Anniversary of loss stirs up emotions

Jessica CuthbertAlbany Advertiser

Watching Jay Muscat’s friends celebrate birthdays is bittersweet for his parents Mark and Sheryl.

It has been three years since the couple lost their son Jay, who was killed by a suspected great white shark while spearfishing off Three Stripes near Cheyne beach in December, 2014.

Jay would have turned 21 next month.

Sheryl Muscat said her son was a very loving, cheeky, life-of-the- party and funny kid and losing him was heartbreaking.

“You never ever think that your kids will go before you and when we lost Jay, it had a huge impact on our family life,” she said.

“When you go from being a family of four to a family of three, life is very different. And sending our daughter back to school was one of the hardest days after losing Jay, as well as her 18th birthday, which was hard as Jay never got to reach 18.”

Mark Muscat and Jay Muscat.
Camera IconMark Muscat and Jay Muscat. Credit: Sheryl Muscat

Mrs Muscat said the third anniversary of her son’s death was a difficult time for the family.

“The first year was tough but we had a lot of people around to support us,” she said.
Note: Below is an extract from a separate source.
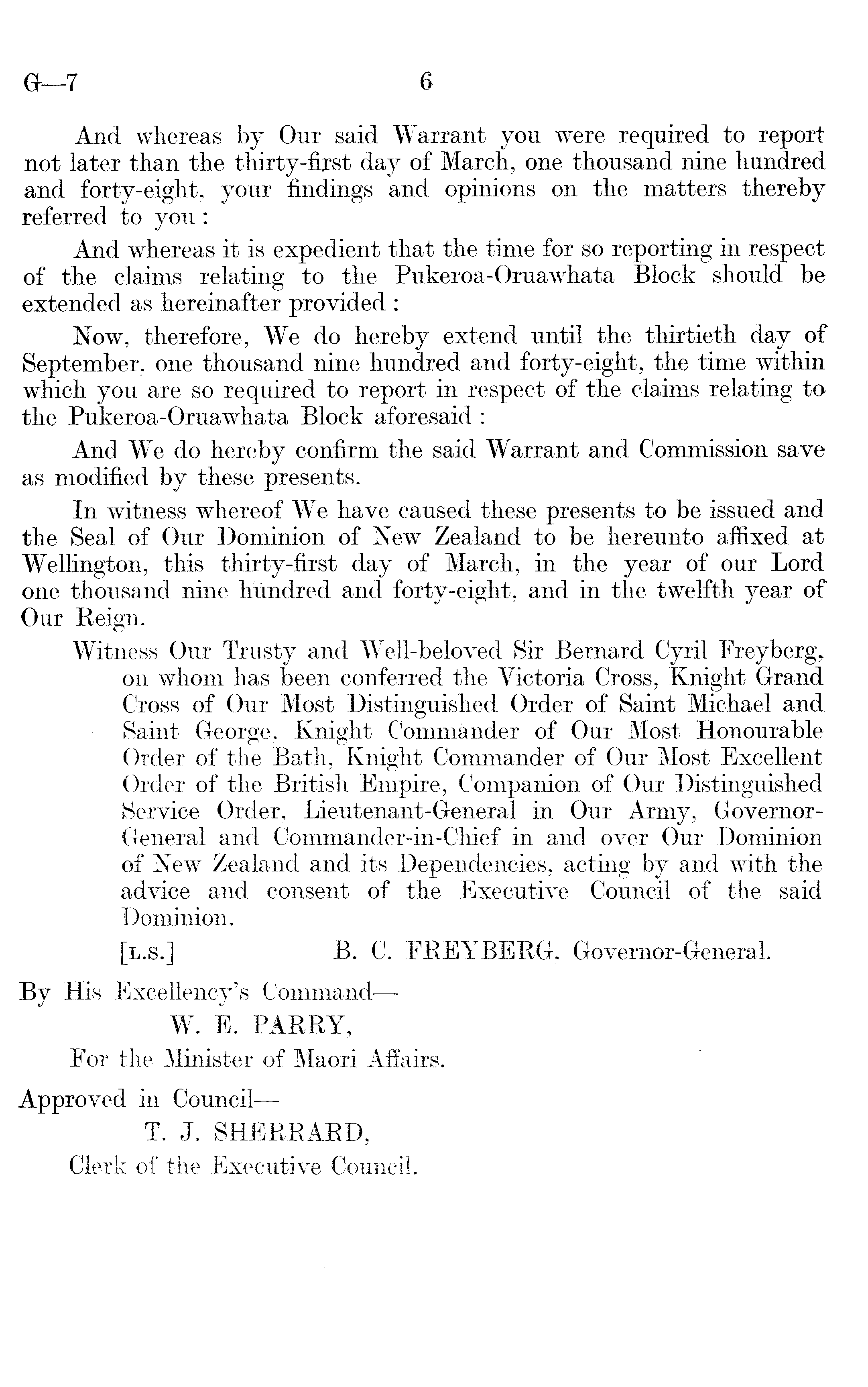 And whereas by Our said Warrant you were required to report not later than the thirty-first day of March, one thousand nine hundred and forty-eight, your findings and opinions on the matters thereby referred to you : And whereas it is expedient that the time for so reporting in respect of the claims relating to the Pukeroa-Oruawhata Block should be extended as hereinafter provided : Now, therefore, We do hereby extend until the thirtieth day of September, one thousand nine hundred and forty-eight, the time within which you are so required to report in respect of the claims relating to the Pukeroa-Oruawhata Block aforesaid : And We do hereby confirm the said Warrant and Commission save as modified by these presents. In witness whereof We have caused these presents to be issued and the Seal of Our Dominion of New Zealand to be hereunto affixed at Wellington, this thirty-first day of March, in the year of our Lord one thousand nine hundred and forty-eight, and in the twelfth year of Our Reign. Witness Our Trusty and Well-beloved Sir Bernard Cyril Freyberg, on whom has been conferred the Victoria Cross, Knight Grand Cross of Our Most Distinguished Order of Saint Michael and Saint George, Knight Commander of Our Most Honourable Order of the Bath, Knight Commander of Our Most Excellent Order of the British Empire, Companion of Our Distinguished Service Order, Lieutenant-General in Our Army, GovernorGeneral and Commander-in-Chief in and over Our Dominion of New Zealand and its Dependencies, acting by and with the advice and consent of the Executive Council of the said Dominion. [l.s.] B. C. FREYBERG, Governor-General. By His Excellency's Command— W. E. PARRY, For the Minister of Maori Affairs. Approved in Council— T. J. SHERRARD, Clerk of the Executive Council.

“We have come to realise that life moves on but it can be quite difficult seeing Jay’s mates having birthdays knowing that Jay will never get to celebrate these milestones — we love all his mates though, and love being a part of their lives still three years on.”

Since Jay’s death, Mr Muscat has launched his own business, King George Sound Safari, in honour and memory of his son, who loved the water.

The business was launched in November, 2016 and was up and running almost two years after Jay’s death.

Mr Muscat said his son’s love of the water had lived on through the boat and his new business.

“I had thought of doing it before when he was around but it didn’t really happen,” he said. “I just talked about it, and when he passed away, I sat around for a fair while until I worked out I’ve got to do something,” he said. “I just want to be on the water — it’s what I want to do, and in a way, he’s with me.”

“We don’t have him around anymore and that’s a hard thing but it’s been pretty great that when I go out fishing, I go out fishing with Jay.

‘The boat is named after him and he is with me, as close as he can be.”

Mr Muscat said Jay’s 21st birthday would be celebrated with family and glasses would be raised in his honour.

“It never gets easier but it does get better to deal with in time,” he said. “Every now and then, we still have a cry and everyone grieves differently but I think Jay would be proud of us.”

Mrs Muscat said she knew Jay would be proud of his family.

“I feel Jay would be extremely proud of his family, proud of his sister graduating from high school and turning 18, and I am absolutely sure he would be so proud of his dad getting off the couch and turning his grief into something so productive and in memory of his son,” she said.

Mr Muscat said he found it difficult to celebrate Christmas after losing his son.

“It was around Christmas when we lost Jay, so I’ve found I don’t really like Christmas anymore,” he said. “It doesn’t really seem like a time to celebrate but we always get together with the family.

“I miss my son, and I miss the father-son banter we had.”

Last October, Mr and Mrs Muscat took part in a pilgrimage walk — the Camino — an experience Mr Muscat said helped his grieving.

“For the first eight days, I hated it and then one day, I chatted to a couple and it was so insightful — everyone was there for their own reasons,” he said. “I went to support Sheryl but at the end of it, I probably got more out of it then she did. I was angry after I lost Jay but after the Camino, I was finding peace with what happened.”

Jay Muscat's coffin is moved by his pall bearers after the memorial service held at Middleton Beach's Ellen Cove.
Camera IconJay Muscat's coffin is moved by his pall bearers after the memorial service held at Middleton Beach's Ellen Cove. Credit: Laurie Benson/Laurie Benson

Mrs Muscat said the Camino was the most amazing experience. “All you do is walk and you have no time restrictions and the pressures of everyday life,” she said. “You have time to think, cry, yell, shout and talk to other people who have their own stories to tell. It was a very spiritual journey and I could not recommend this walk enough.

“It did not only help with grief but with my marriage. As time goes on, we were grieving at different times and in different ways and you can feel very lost.

“Without a doubt, I would say the Camino saved our marriage. I can’t explain this — it just did.”

Mr and Mrs Muscat said they were overwhelmed by the community support after losing Jay.

“Three years on and we still miss you like crazy, Jay. Our lives are very different now and wish you were here to share our days. We love you always,” they said.